Start of Data records

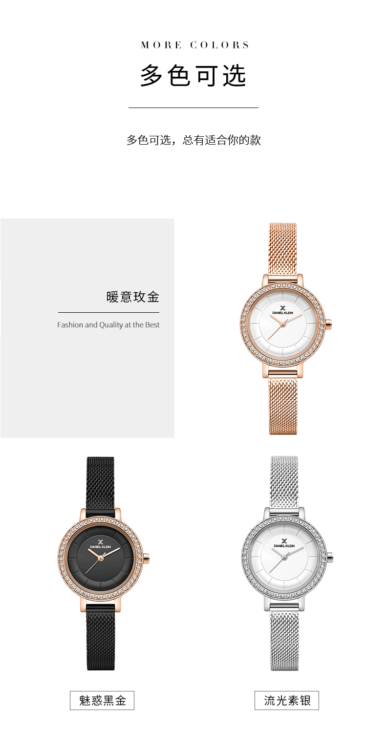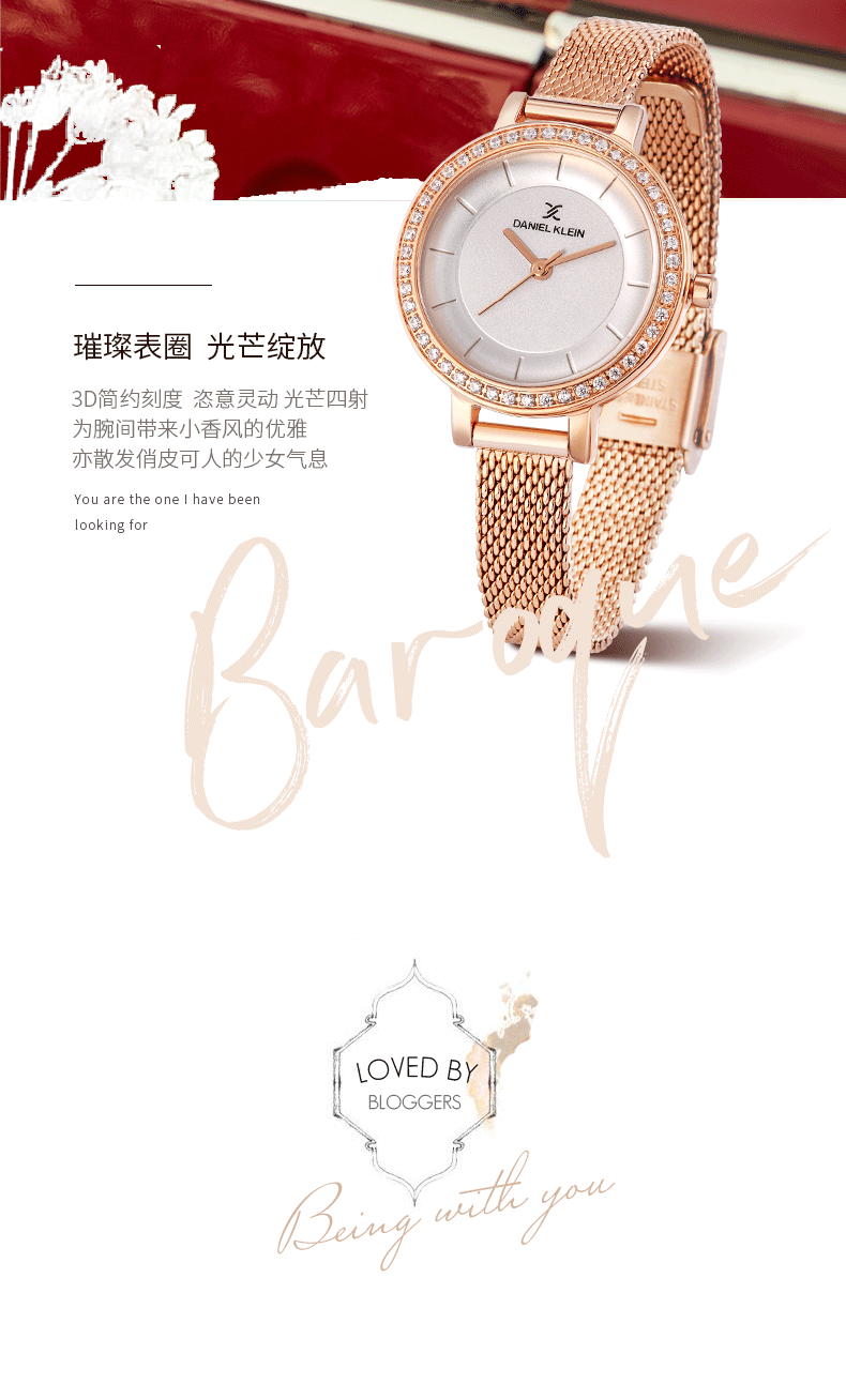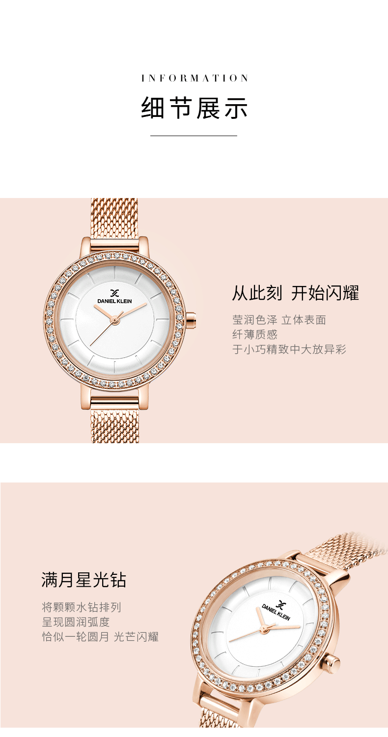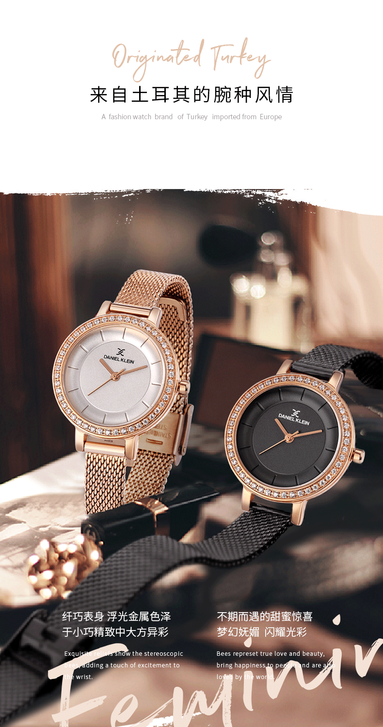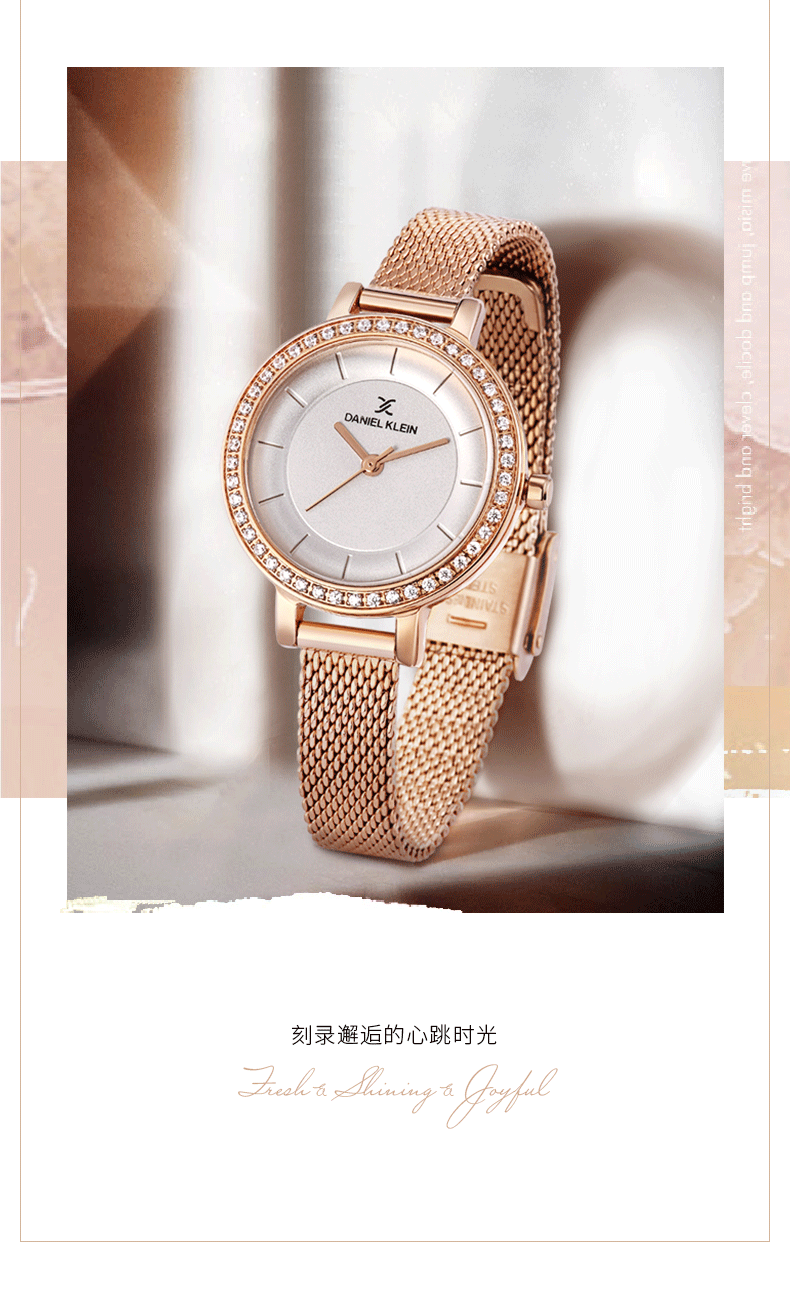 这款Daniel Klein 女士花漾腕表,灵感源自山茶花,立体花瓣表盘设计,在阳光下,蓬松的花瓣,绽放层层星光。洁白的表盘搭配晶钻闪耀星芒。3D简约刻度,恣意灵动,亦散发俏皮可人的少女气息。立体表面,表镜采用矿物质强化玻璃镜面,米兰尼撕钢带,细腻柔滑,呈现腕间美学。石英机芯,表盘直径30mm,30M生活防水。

End of Data records
Start of Data records

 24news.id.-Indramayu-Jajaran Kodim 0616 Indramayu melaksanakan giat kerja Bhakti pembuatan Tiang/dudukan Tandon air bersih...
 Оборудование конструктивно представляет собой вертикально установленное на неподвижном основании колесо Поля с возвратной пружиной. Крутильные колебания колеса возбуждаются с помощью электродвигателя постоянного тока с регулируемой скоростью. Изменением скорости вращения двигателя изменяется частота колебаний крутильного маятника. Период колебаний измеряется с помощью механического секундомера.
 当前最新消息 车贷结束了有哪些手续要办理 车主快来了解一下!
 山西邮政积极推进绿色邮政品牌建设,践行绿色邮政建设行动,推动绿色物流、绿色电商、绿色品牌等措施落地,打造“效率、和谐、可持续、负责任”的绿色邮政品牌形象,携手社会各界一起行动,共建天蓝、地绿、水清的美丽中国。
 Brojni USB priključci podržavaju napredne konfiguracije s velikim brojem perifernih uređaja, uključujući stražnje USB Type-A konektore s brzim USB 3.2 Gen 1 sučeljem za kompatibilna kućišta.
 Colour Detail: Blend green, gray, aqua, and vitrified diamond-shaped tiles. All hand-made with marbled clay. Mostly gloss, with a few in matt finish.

End of Data records
Start of Data records

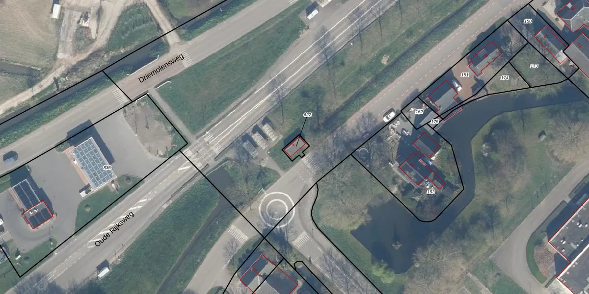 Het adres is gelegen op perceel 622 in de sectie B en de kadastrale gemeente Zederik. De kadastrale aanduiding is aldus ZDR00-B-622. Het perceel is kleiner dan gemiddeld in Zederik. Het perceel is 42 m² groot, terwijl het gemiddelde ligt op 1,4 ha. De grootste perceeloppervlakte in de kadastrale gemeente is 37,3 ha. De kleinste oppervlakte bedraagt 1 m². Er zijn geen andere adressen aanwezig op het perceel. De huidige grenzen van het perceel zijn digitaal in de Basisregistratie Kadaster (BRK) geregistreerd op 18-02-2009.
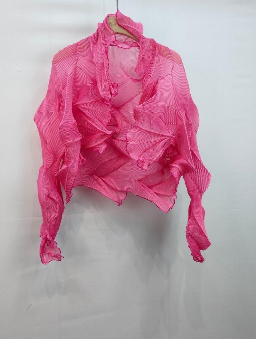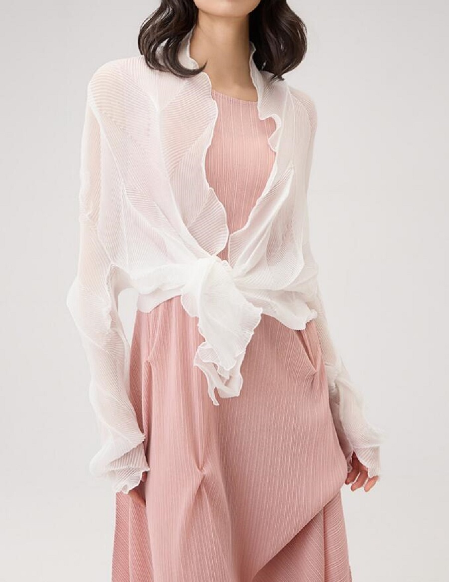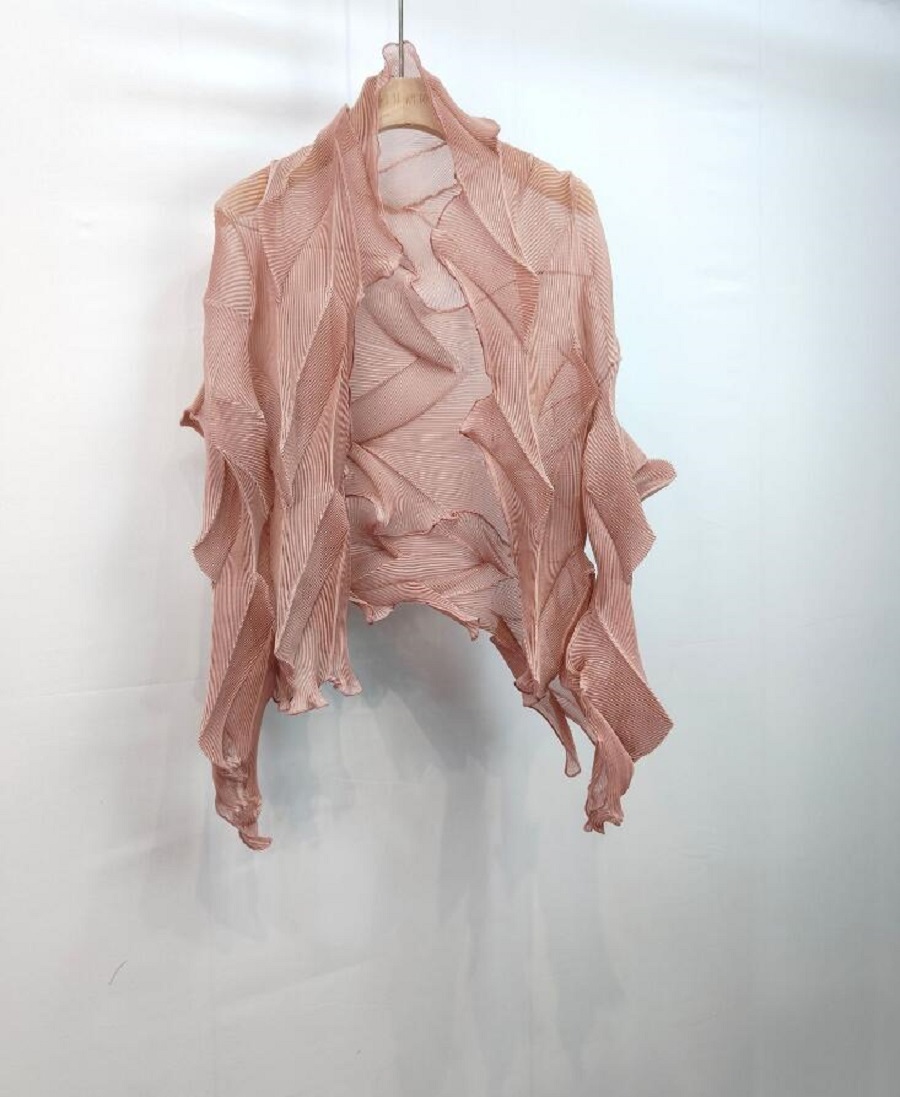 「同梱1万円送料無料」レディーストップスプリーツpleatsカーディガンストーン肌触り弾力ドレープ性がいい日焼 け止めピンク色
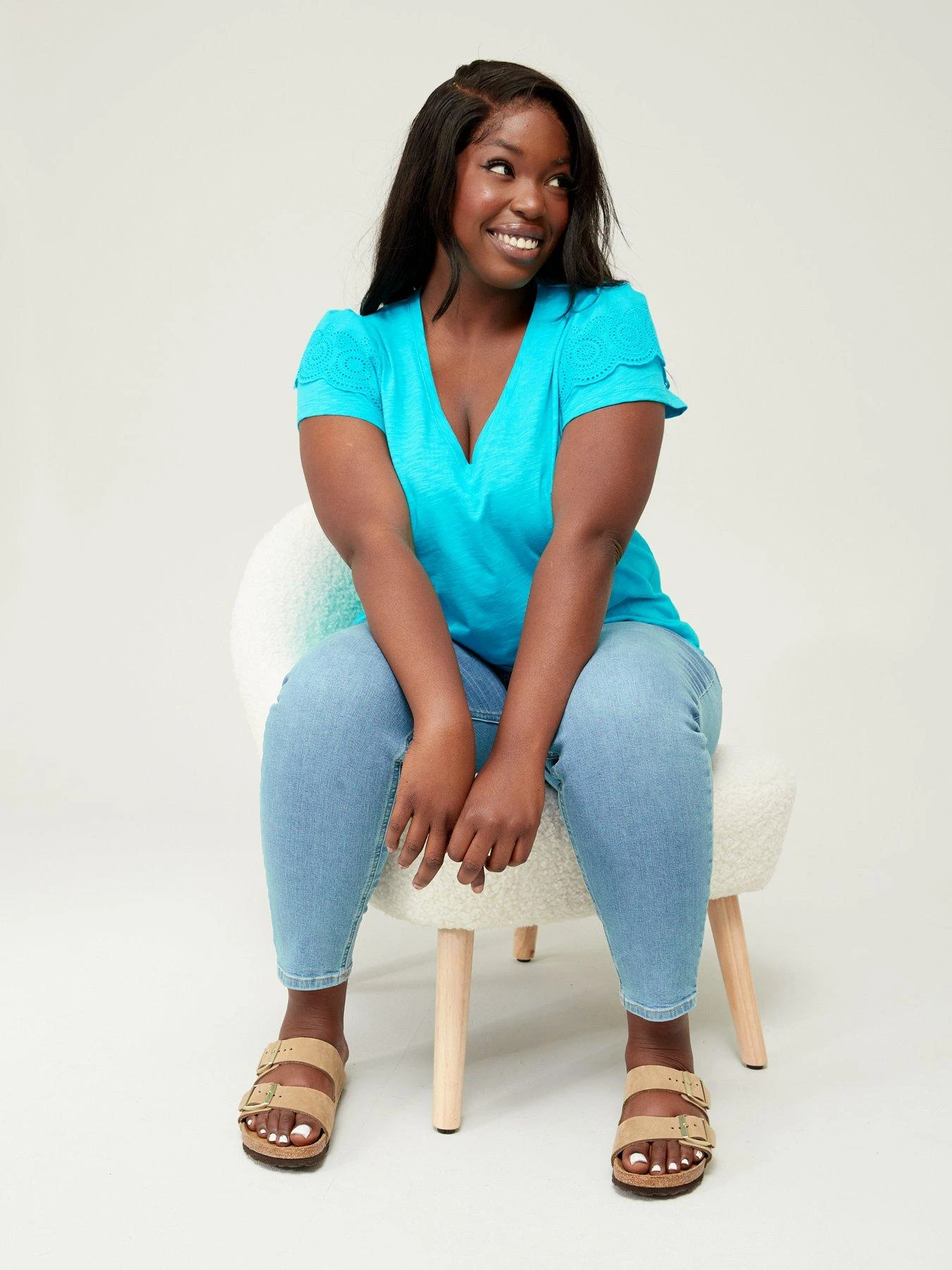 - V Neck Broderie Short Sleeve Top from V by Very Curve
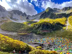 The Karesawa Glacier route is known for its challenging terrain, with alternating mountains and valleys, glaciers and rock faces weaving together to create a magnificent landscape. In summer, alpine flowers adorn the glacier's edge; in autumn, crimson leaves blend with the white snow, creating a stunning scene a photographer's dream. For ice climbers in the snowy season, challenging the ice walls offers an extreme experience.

End of Data records

Exercise goal »
Beginning with the line holding "Оборудование конструктивно представляет" and ending with the line holding "当前最新消息 车贷结束了有哪些手续要办理 车主快来了解一下!", write out the stretch of material above exactly; add no further lines.

Answer space »
 Оборудование конструктивно представляет собой вертикально установленное на неподвижном основании колесо Поля с возвратной пружиной. Крутильные колебания колеса возбуждаются с помощью электродвигателя постоянного тока с регулируемой скоростью. Изменением скорости вращения двигателя изменяется частота колебаний крутильного маятника. Период колебаний измеряется с помощью механического секундомера.
 当前最新消息 车贷结束了有哪些手续要办理 车主快来了解一下!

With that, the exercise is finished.